■ What is needed: From the line containing "Hello everybody! Here" down to the final entry below, restate each line word for word.

■ The records:
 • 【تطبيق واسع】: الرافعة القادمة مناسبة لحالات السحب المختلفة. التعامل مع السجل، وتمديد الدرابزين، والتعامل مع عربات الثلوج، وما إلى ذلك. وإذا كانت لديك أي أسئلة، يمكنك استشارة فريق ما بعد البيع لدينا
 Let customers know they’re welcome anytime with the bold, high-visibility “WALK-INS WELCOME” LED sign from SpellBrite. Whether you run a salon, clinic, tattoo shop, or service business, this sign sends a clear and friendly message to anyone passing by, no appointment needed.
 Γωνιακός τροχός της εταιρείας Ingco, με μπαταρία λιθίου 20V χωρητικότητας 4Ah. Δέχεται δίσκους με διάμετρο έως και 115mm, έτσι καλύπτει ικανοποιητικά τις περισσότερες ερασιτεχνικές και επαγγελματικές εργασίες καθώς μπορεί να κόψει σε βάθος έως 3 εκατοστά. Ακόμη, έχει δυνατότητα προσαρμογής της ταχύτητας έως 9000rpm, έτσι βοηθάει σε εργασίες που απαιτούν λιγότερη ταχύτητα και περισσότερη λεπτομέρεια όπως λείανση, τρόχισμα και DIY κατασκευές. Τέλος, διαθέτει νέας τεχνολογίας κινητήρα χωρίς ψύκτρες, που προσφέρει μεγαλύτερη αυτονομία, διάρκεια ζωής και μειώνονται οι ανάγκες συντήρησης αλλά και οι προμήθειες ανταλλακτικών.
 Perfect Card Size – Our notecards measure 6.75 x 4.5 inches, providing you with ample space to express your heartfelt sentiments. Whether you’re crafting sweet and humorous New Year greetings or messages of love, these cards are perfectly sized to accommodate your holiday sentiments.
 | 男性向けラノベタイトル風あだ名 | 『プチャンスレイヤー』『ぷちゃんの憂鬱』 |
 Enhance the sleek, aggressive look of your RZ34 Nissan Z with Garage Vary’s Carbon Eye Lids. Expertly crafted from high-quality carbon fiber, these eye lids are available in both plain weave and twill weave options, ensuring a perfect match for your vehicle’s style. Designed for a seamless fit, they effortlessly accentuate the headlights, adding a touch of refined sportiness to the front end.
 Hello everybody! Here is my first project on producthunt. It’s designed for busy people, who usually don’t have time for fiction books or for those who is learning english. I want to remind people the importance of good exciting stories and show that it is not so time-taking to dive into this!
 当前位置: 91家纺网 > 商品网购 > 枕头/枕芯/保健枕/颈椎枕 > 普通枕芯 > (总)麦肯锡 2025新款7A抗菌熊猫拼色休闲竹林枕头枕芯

■ Response area:
 Hello everybody! Here is my first project on producthunt. It’s designed for busy people, who usually don’t have time for fiction books or for those who is learning english. I want to remind people the importance of good exciting stories and show that it is not so time-taking to dive into this!
 当前位置: 91家纺网 > 商品网购 > 枕头/枕芯/保健枕/颈椎枕 > 普通枕芯 > (总)麦肯锡 2025新款7A抗菌熊猫拼色休闲竹林枕头枕芯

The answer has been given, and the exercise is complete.